Treatment plan Day 9

Today, your focus for the treatment plan will be to focus on your self.

Studies have shown that many people with bipolar or anxiety disorder are in a service position in their employment. They are also usually caregivers, single parents, or in a dysfunctional family where they are playing the role of the "responsible rescuer".

These are the people that make sure things are running smoothly for or despite those who are overcome with illness, disability, or addiction. This is called co-dependency.

This of course is not the case for everyone with bipolar or anxiety disorder, but for whatever reason, there is almost always a lowered "sense of self".

Many people see this as being a "bigger person", or they don't recognize the harm that is being done to them and others when they adopt this kind of responsibility. Some people aren't aware that they are in that kind of position at all.

Maybe they are carrying on the same kind of selfless compassion that a parent or older sibling provided for the family, or have started an new family with someone who has an addiction,disability, or illness and sees their position as normal.

In cases like this, the person may feel as though they are the only responsible person, and therefore they have no choice.

This is where contacting your local treatment centers, YWCA,caseworkers, and looking into support groups for your situation can be helpful.

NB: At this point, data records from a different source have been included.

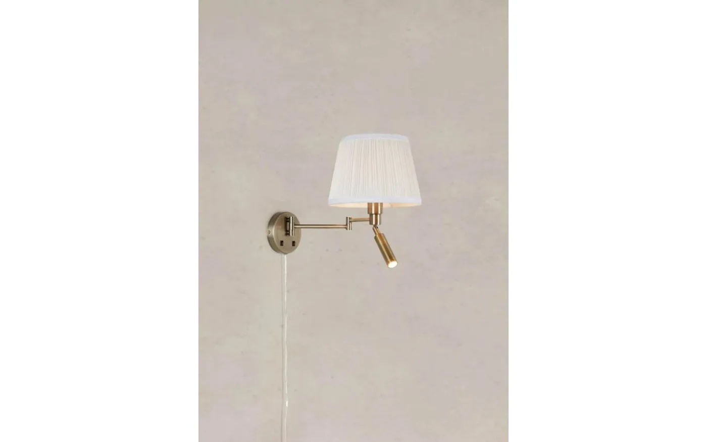 Pivot vägglampa från Markslöjd. Vägglampa i antik mässing med två armar- en swingarm med en offwhite textilskärm och en justerbar LED-läslampa för riktat ljus. Textilskärmen har en diameter på 25cm och bidrar med ett behagligt sken. Bygelupphäng. Integrerad kopplingsbox i väggplattan möjliggör enkel anslutning till fast elinstallation. Klass II. 1xE27+LED, Max 40W,4W. E27 ljuskälla ingår ej.
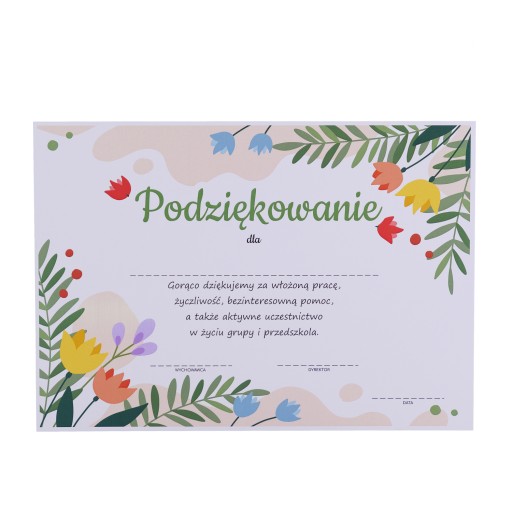 Dyplom z podziękowaniami dla rodziców dzieci w przedszkolu idealnie sprawdzi się jako upominek w ramach wdzięczności.
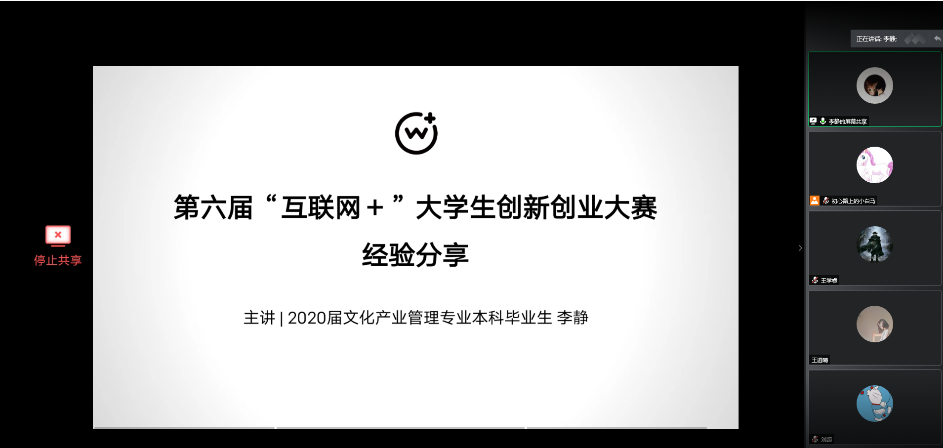 为做好“互联网+”大学生创新创业大赛组织宣传动员工作,7月11日上午,历史文化学院举办“互联网+”创新创业线上宣讲会,原太阳成tyc122cc集团学生会创业服务中心部长、2016级文化产业管理专业本科毕业生李静同学受邀主讲,2019级本科生辅导员赵显锋主持,各年级学生积极参会。
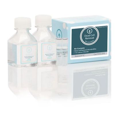 The Dead Cell Removal Microbubble Kit is designed to deplete apoptotic cells from a variety of biological samples. Unwanted dead and dying cells are captured with Annexin V conjugated BACS™ microbubbles. Captured dead cells are gently removed while enriched cells are left healthy, untouched, and ready for a wide variety of applications such as single-cell techniques, flow sorting, and cell culturing.
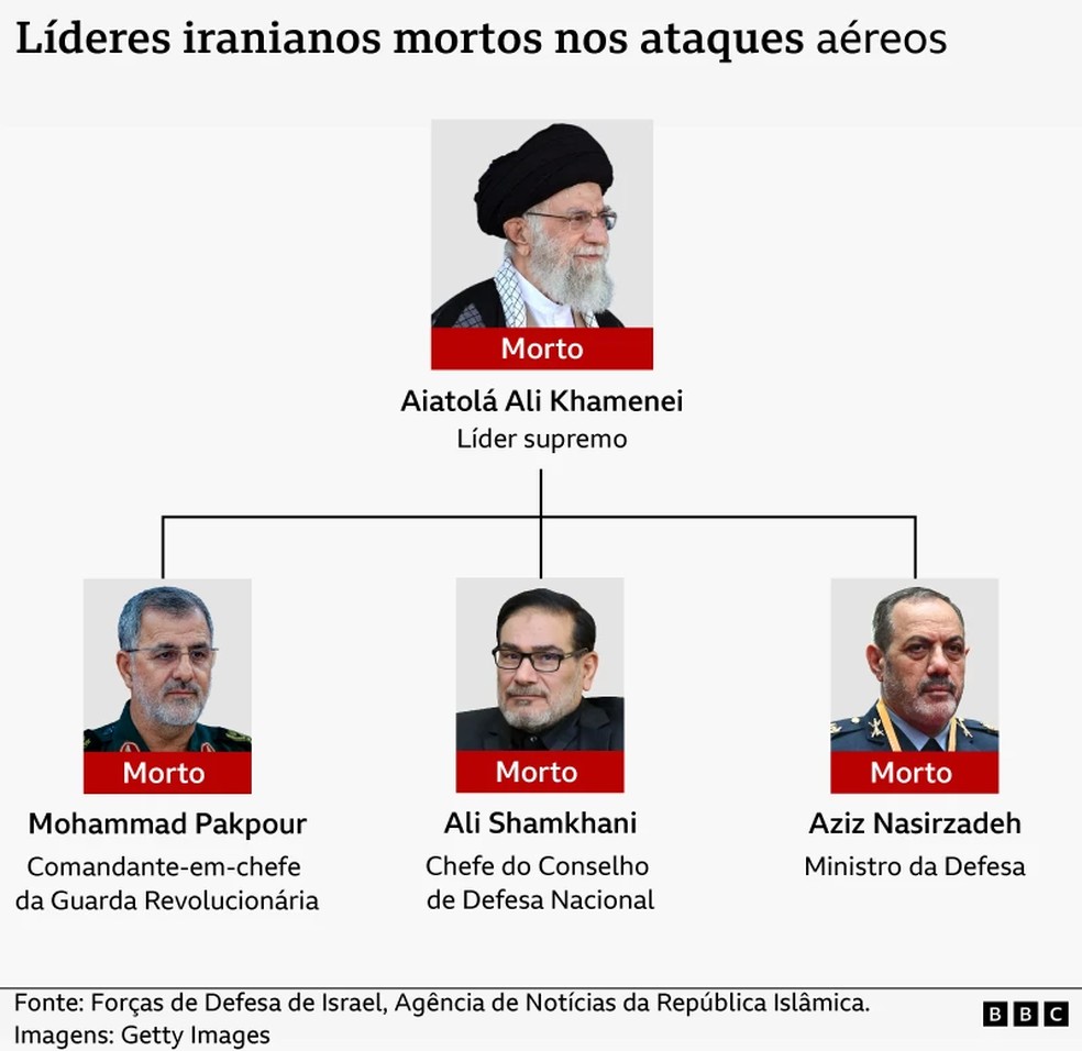 Líderes iranianos mortos nos ataques — Foto: BBC |
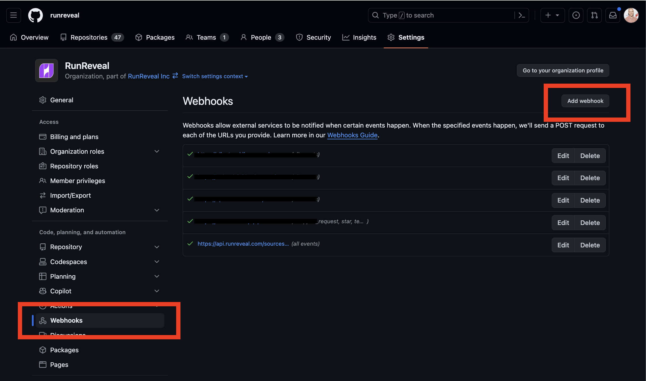 This source uses am HTTP webhook to ingest events. Create the Github Webhook source in RunReveal and a new webhook URL will be generated. Use this URL when setting up your source.
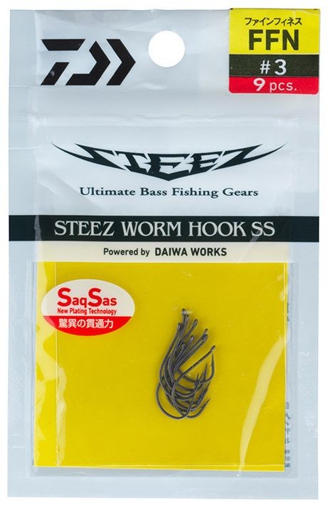 Pre háčiky Steez Worm Hooks je použitá špičková technológia ostrenia SaqSas. Obvyklé hrubosti na povrchu háčika sú takmer úplne odstránené špeciálnym fluoridovým povlakom – hrot háčika je ostrejší. To vedie k výrazne zlepšenému prenikaniu háčika a výsledkom je lepšia miera chytľavosti. Tieto háčiky sú vyrobené 100% v Japonsku.
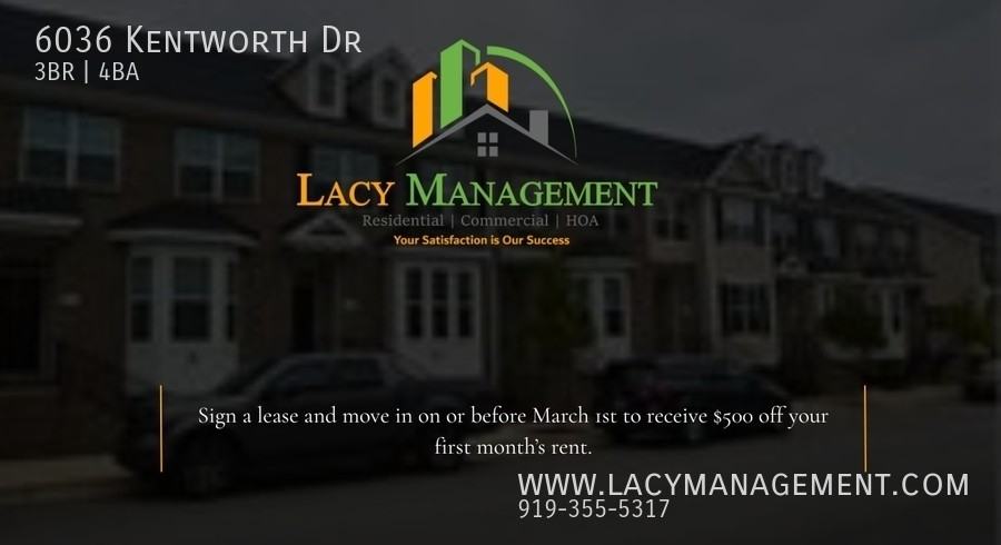 Discover modern comfort and convenience at 6036 Kentworth, Unit 1, located in the highly desirable Main Street Square community in Holly Springs. This beautifully designed 3-bedroom, 3.5-bath townhome offers 1,740 sq ft of stylish living space with thoughtful finishes and a functional layout—perfect for today's lifestyle. ***Sign a lease and move in on or before March 1st 2026 to receive $500 off your first month's rent.*** Step inside to a bright, open-concept main level featuring a spacious living area that flows seamlessly into the dining space and contemporary kitchen. The kitchen is well-appointed with sleek cabinetry, ample counter space, and modern appliances—ideal for everyday living and entertaining alike. Each bedroom offers generous space and its own bathroom, providing comfort and privacy for residents and guests. The primary suite serves as a relaxing retreat with an en-suite bath and ample closet space. A convenient half bath on the main level adds extra functionality. Enjoy low-maintenance living in a vibrant community just minutes from shopping, dining, parks, and major roadways. With easy access to local amenities and everything Holly Springs has to offer, this home combines location, comfort, and style. Don't miss the opportunity to make this beautiful townhome your next home—schedule a showing today! Schedule an online showing at: https showmojo com 3437c1a061 listings mapsearch Submit your application online at: https rent findigs com 2cdc0519-8cc4-4c21-9f8f-94054eda96d2 Resident Benefits: **Get over $100 in monthly benefits for just $49.95 with our Resident Benefits Package! Enjoy valuable services with the flexibility to customize or opt-out *** Application Criteria: a) Gross household income of at least 3 times the rent b) A credit score of 650+ is preferred; we are happy to discuss your situation if your credit score is lower c) No evictions in the last 5 years d) A one-time pet fee of $300 per pet applies. An additional deposit may be required for multiple pets. No monthly pet fee; pet screening is required after application approval: $30 per pet. e) One-time admin fee of $250 required to pay after signing the lease. The marvelous community of MSS has much to offer including small block parties and social gatherings. Schedule a showing online at https showmojo com 3437c1a061 listings mapsearch Submit an application online at https lacymanagement managebuilding com Resident apps rentalapp
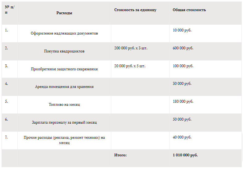 Бизнес план проката квадроциклов
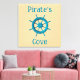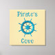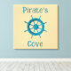 Premium Wrapped Canvas wall hanging decor with a fun customizable template text typography Pirate's Cove and printed with Rustic Weathered Boat Steering Wheel Photo Image with a summer tan sand background and turquoise colors is part of our always expanding original photography collections by TheFabricSeal print on demand shop at Zazzle.com #ZazzleMade ©️Original. https://www.zazzle.com/store/thefabricseal
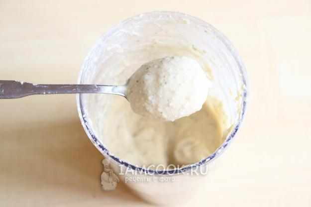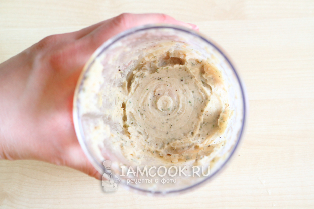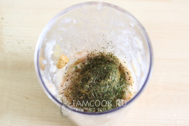 Пробиваем ингредиенты погружным блендером до однородности. Всыпаем специи по вкусу: сушеные укроп и петрушку, соль и черный молотый перец. А также добавляем сок лимона и горчицу (ориентируйтесь на свой вкус!).

For now,your next step in this treatment plan is to read the self Page of this website.

If you did your journal entry on day 7, you are done! If you didn't, please do it one more time this evening. Try to include you mood/moods throughout the day, and where cognitive therapy or relaxation techniques were or could have been used.

Read your journal to yourself when you are finished. Look for and challenge any distorted assumptions that you find.

By now you should be beginning to see a slight improvement in your mood.

From here on out, it is up to you whether or not you wish to continue journaling.

I do recommend that you at least write in your journal when you are feeling your worst. This way, you can can go back to it later, and use it to help you resolve your issue.

Sometimes a journal is the only way you have of venting your frustrations. Venting IS healthy, cognitive distortions and all.

So don't be afraid to let loose with your feelings as long as you do it in a way that is not harmful to yourself or anyone else. Journaling is the safest most effective method of venting that I have found.